## YOUR OBJECTIVE
Retype the listing found below exactly, but leave out each picture.

## DATASET EXCERPT
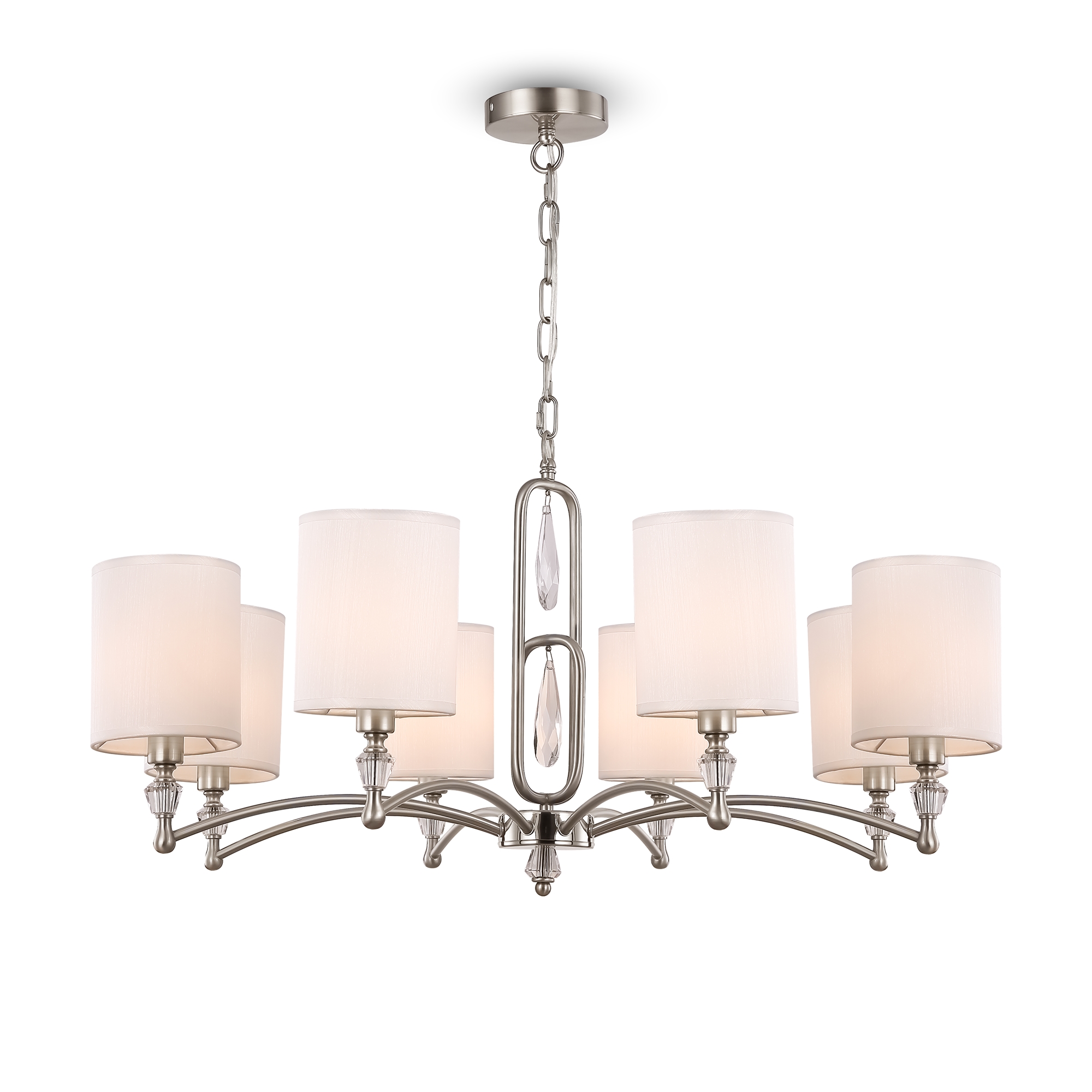 Материал арматуры – нержавеющая сталь, цвет – хром. Материал абажуров – текстиль на ПВХ, цвет – белый. Декор – прозрачное стекло. Акцентные стеклянные кристаллы на рожках со сложной огранкой.
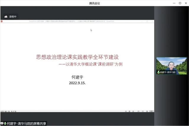 2022年9月15日晚,上海外国语大学马克思主义学院“思政课改革创新” 系列讲座第十四期开讲。清华大学马克思主义学院党委副书记何建宇副教授应邀围绕思政课实践教学全环节建设作线上专题分享。本次专题分享由上海外国语大学马克思主义学院于新娟教授主持。
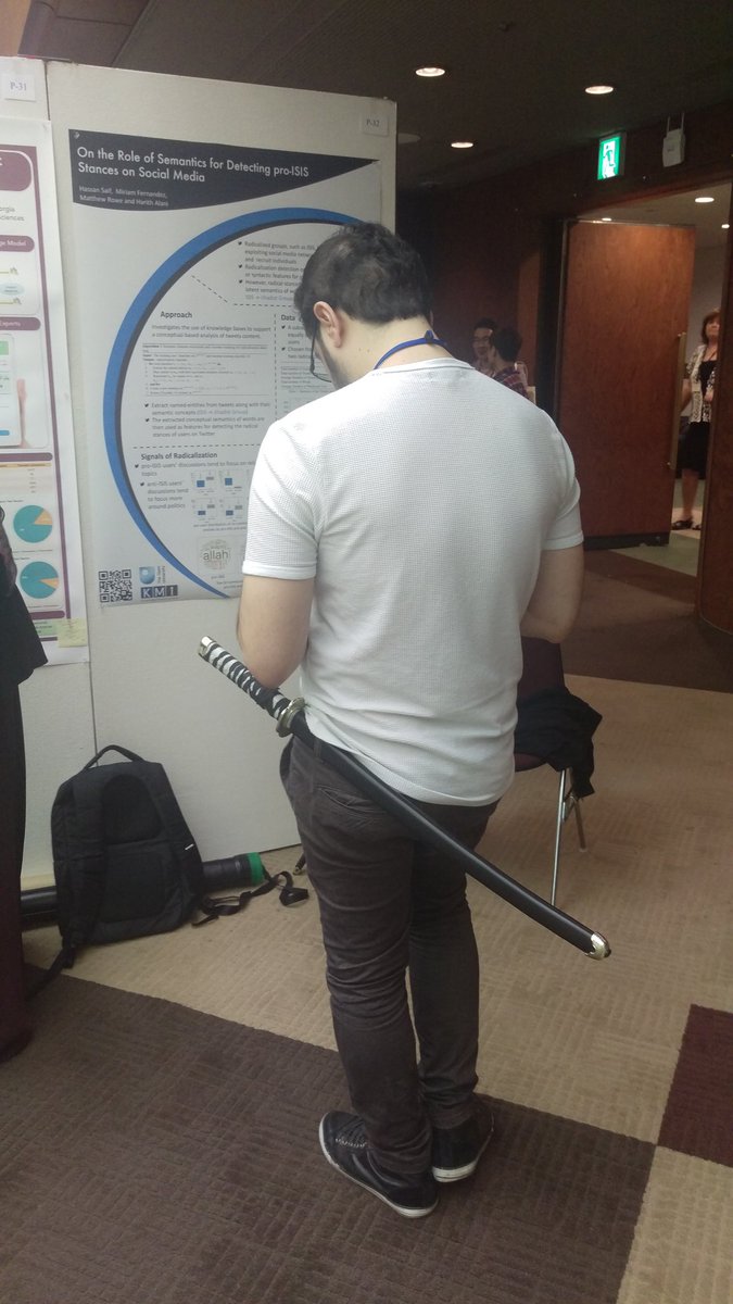 Hassan also presented an expert highlights paper in the workshop on Linked Data for Information Extraction, "A Linked Open Data Approach for Sentiment Lexicon Adaptation" and contributed to the Posters & Demos session, with a poster entitled "On the Role of Semantics for Detecting pro-ISIS Stances on Social Media". There were also two demos presented by KMi-ers – Gregoire Burel, "Monitoring, Discussing and Publishing Energy Consumption Data using EnergyUse", and Francesco Osborne, "Smart Topic Miner@Supporting Springer Nature Editors with Semantic Web Technologies". See more at: http://kmi.open.ac.uk/news/article/18881#sthash.vt0Cetws.dpuf

## RESULT OF THE TASK
 Материал арматуры – нержавеющая сталь, цвет – хром. Материал абажуров – текстиль на ПВХ, цвет – белый. Декор – прозрачное стекло. Акцентные стеклянные кристаллы на рожках со сложной огранкой.
 2022年9月15日晚,上海外国语大学马克思主义学院“思政课改革创新” 系列讲座第十四期开讲。清华大学马克思主义学院党委副书记何建宇副教授应邀围绕思政课实践教学全环节建设作线上专题分享。本次专题分享由上海外国语大学马克思主义学院于新娟教授主持。
 Hassan also presented an expert highlights paper in the workshop on Linked Data for Information Extraction, "A Linked Open Data Approach for Sentiment Lexicon Adaptation" and contributed to the Posters & Demos session, with a poster entitled "On the Role of Semantics for Detecting pro-ISIS Stances on Social Media". There were also two demos presented by KMi-ers – Gregoire Burel, "Monitoring, Discussing and Publishing Energy Consumption Data using EnergyUse", and Francesco Osborne, "Smart Topic Miner@Supporting Springer Nature Editors with Semantic Web Technologies". See more at: http://kmi.open.ac.uk/news/article/18881#sthash.vt0Cetws.dpuf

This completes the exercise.